[Opening DATA EXCERPT section]
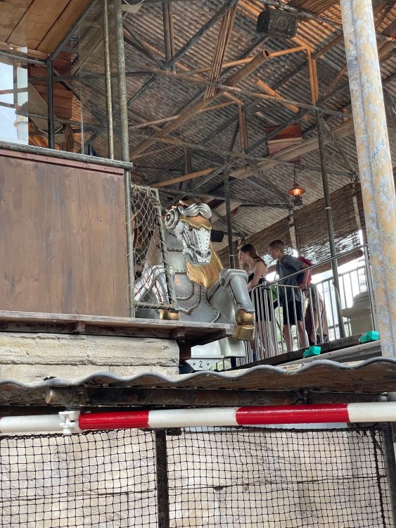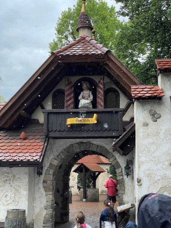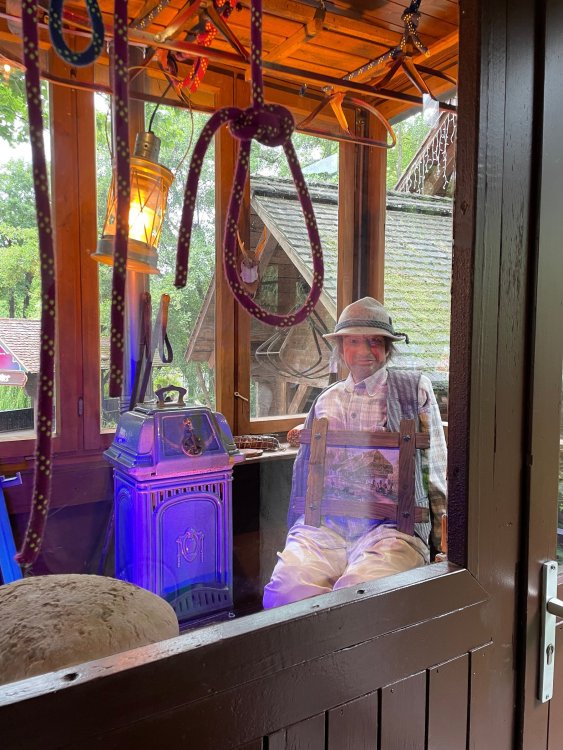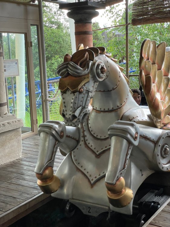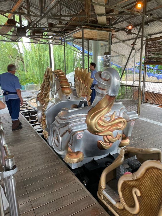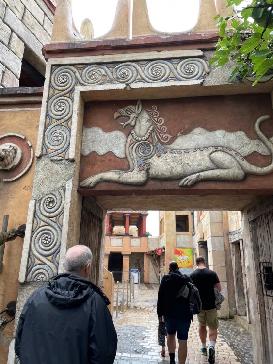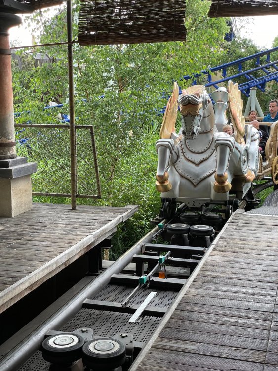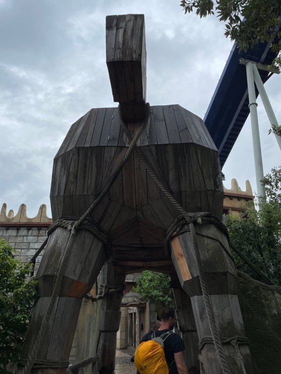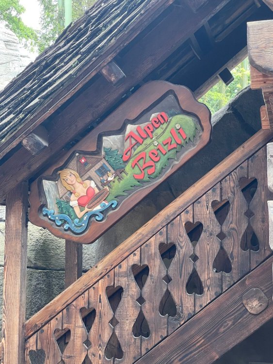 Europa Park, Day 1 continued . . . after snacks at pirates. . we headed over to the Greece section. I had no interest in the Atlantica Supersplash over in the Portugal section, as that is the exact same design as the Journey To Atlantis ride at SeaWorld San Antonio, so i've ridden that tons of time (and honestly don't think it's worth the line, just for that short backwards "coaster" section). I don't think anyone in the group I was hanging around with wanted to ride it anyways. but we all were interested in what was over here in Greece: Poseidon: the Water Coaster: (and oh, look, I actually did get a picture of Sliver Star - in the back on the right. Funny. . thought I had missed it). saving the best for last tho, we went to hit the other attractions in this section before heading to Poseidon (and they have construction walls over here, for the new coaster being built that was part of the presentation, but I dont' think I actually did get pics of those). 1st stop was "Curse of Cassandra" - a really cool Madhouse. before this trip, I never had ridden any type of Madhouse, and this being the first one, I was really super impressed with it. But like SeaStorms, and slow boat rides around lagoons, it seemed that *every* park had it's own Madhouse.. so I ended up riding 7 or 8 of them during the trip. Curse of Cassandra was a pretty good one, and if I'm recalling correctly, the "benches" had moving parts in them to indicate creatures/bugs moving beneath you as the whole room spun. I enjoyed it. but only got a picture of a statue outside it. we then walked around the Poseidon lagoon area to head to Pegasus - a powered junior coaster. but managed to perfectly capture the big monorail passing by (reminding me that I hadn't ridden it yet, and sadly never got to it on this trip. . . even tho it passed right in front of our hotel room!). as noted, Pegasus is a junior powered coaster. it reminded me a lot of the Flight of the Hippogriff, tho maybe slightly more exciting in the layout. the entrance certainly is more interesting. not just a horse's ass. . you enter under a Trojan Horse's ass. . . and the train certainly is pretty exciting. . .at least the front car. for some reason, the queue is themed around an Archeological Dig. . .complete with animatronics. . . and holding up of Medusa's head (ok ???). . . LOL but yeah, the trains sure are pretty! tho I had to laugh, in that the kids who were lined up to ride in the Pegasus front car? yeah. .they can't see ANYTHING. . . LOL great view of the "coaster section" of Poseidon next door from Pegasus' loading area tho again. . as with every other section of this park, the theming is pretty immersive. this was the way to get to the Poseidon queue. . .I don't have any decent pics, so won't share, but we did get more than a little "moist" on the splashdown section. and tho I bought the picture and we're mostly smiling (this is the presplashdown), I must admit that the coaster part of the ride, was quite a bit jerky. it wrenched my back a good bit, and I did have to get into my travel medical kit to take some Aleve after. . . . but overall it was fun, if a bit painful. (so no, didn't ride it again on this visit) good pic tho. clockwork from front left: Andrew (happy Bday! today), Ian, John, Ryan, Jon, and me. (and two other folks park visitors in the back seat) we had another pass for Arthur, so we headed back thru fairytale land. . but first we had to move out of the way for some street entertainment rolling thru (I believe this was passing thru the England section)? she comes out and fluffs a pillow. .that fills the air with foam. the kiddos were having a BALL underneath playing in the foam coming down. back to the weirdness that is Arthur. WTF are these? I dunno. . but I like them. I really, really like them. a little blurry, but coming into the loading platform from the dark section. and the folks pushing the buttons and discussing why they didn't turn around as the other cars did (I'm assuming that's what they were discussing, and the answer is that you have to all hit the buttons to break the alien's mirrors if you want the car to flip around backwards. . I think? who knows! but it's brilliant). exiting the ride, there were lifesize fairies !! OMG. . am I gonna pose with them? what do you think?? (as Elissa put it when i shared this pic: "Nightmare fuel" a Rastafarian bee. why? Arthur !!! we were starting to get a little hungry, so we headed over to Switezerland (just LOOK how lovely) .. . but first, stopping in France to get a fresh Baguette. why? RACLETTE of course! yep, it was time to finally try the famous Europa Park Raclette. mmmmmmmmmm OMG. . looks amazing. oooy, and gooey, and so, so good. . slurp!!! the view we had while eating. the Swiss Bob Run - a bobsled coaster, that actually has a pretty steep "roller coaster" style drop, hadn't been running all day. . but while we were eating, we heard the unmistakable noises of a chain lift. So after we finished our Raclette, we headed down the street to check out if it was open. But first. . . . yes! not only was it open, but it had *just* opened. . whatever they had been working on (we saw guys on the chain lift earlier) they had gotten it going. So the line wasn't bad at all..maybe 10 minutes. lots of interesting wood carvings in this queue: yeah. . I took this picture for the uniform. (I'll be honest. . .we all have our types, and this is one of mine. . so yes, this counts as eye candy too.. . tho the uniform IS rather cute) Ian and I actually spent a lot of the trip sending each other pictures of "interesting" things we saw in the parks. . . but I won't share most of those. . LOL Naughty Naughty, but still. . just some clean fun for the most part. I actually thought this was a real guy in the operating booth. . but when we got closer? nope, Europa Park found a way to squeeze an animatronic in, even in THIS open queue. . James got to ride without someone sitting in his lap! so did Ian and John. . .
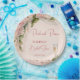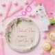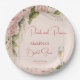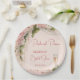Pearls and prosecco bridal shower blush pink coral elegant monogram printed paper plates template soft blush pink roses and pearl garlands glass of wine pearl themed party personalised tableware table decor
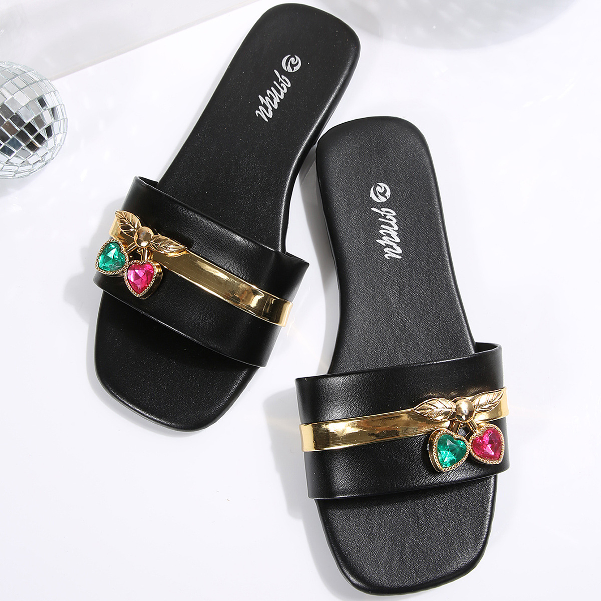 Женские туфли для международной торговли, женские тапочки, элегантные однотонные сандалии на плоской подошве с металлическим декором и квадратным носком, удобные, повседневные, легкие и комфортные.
[Closing DATA EXCERPT section]
### TASK INSTRUCTIONS
Each line of the material goes into your copy unchanged, but no picture does.

### RESULT OF THIS TASK
 Europa Park, Day 1 continued . . . after snacks at pirates. . we headed over to the Greece section. I had no interest in the Atlantica Supersplash over in the Portugal section, as that is the exact same design as the Journey To Atlantis ride at SeaWorld San Antonio, so i've ridden that tons of time (and honestly don't think it's worth the line, just for that short backwards "coaster" section). I don't think anyone in the group I was hanging around with wanted to ride it anyways. but we all were interested in what was over here in Greece: Poseidon: the Water Coaster: (and oh, look, I actually did get a picture of Sliver Star - in the back on the right. Funny. . thought I had missed it). saving the best for last tho, we went to hit the other attractions in this section before heading to Poseidon (and they have construction walls over here, for the new coaster being built that was part of the presentation, but I dont' think I actually did get pics of those). 1st stop was "Curse of Cassandra" - a really cool Madhouse. before this trip, I never had ridden any type of Madhouse, and this being the first one, I was really super impressed with it. But like SeaStorms, and slow boat rides around lagoons, it seemed that *every* park had it's own Madhouse.. so I ended up riding 7 or 8 of them during the trip. Curse of Cassandra was a pretty good one, and if I'm recalling correctly, the "benches" had moving parts in them to indicate creatures/bugs moving beneath you as the whole room spun. I enjoyed it. but only got a picture of a statue outside it. we then walked around the Poseidon lagoon area to head to Pegasus - a powered junior coaster. but managed to perfectly capture the big monorail passing by (reminding me that I hadn't ridden it yet, and sadly never got to it on this trip. . . even tho it passed right in front of our hotel room!). as noted, Pegasus is a junior powered coaster. it reminded me a lot of the Flight of the Hippogriff, tho maybe slightly more exciting in the layout. the entrance certainly is more interesting. not just a horse's ass. . you enter under a Trojan Horse's ass. . . and the train certainly is pretty exciting. . .at least the front car. for some reason, the queue is themed around an Archeological Dig. . .complete with animatronics. . . and holding up of Medusa's head (ok ???). . . LOL but yeah, the trains sure are pretty! tho I had to laugh, in that the kids who were lined up to ride in the Pegasus front car? yeah. .they can't see ANYTHING. . . LOL great view of the "coaster section" of Poseidon next door from Pegasus' loading area tho again. . as with every other section of this park, the theming is pretty immersive. this was the way to get to the Poseidon queue. . .I don't have any decent pics, so won't share, but we did get more than a little "moist" on the splashdown section. and tho I bought the picture and we're mostly smiling (this is the presplashdown), I must admit that the coaster part of the ride, was quite a bit jerky. it wrenched my back a good bit, and I did have to get into my travel medical kit to take some Aleve after. . . . but overall it was fun, if a bit painful. (so no, didn't ride it again on this visit) good pic tho. clockwork from front left: Andrew (happy Bday! today), Ian, John, Ryan, Jon, and me. (and two other folks park visitors in the back seat) we had another pass for Arthur, so we headed back thru fairytale land. . but first we had to move out of the way for some street entertainment rolling thru (I believe this was passing thru the England section)? she comes out and fluffs a pillow. .that fills the air with foam. the kiddos were having a BALL underneath playing in the foam coming down. back to the weirdness that is Arthur. WTF are these? I dunno. . but I like them. I really, really like them. a little blurry, but coming into the loading platform from the dark section. and the folks pushing the buttons and discussing why they didn't turn around as the other cars did (I'm assuming that's what they were discussing, and the answer is that you have to all hit the buttons to break the alien's mirrors if you want the car to flip around backwards. . I think? who knows! but it's brilliant). exiting the ride, there were lifesize fairies !! OMG. . am I gonna pose with them? what do you think?? (as Elissa put it when i shared this pic: "Nightmare fuel" a Rastafarian bee. why? Arthur !!! we were starting to get a little hungry, so we headed over to Switezerland (just LOOK how lovely) .. . but first, stopping in France to get a fresh Baguette. why? RACLETTE of course! yep, it was time to finally try the famous Europa Park Raclette. mmmmmmmmmm OMG. . looks amazing. oooy, and gooey, and so, so good. . slurp!!! the view we had while eating. the Swiss Bob Run - a bobsled coaster, that actually has a pretty steep "roller coaster" style drop, hadn't been running all day. . but while we were eating, we heard the unmistakable noises of a chain lift. So after we finished our Raclette, we headed down the street to check out if it was open. But first. . . . yes! not only was it open, but it had *just* opened. . whatever they had been working on (we saw guys on the chain lift earlier) they had gotten it going. So the line wasn't bad at all..maybe 10 minutes. lots of interesting wood carvings in this queue: yeah. . I took this picture for the uniform. (I'll be honest. . .we all have our types, and this is one of mine. . so yes, this counts as eye candy too.. . tho the uniform IS rather cute) Ian and I actually spent a lot of the trip sending each other pictures of "interesting" things we saw in the parks. . . but I won't share most of those. . LOL Naughty Naughty, but still. . just some clean fun for the most part. I actually thought this was a real guy in the operating booth. . but when we got closer? nope, Europa Park found a way to squeeze an animatronic in, even in THIS open queue. . James got to ride without someone sitting in his lap! so did Ian and John. . .
Pearls and prosecco bridal shower blush pink coral elegant monogram printed paper plates template soft blush pink roses and pearl garlands glass of wine pearl themed party personalised tableware table decor
 Женские туфли для международной торговли, женские тапочки, элегантные однотонные сандалии на плоской подошве с металлическим декором и квадратным носком, удобные, повседневные, легкие и комфортные.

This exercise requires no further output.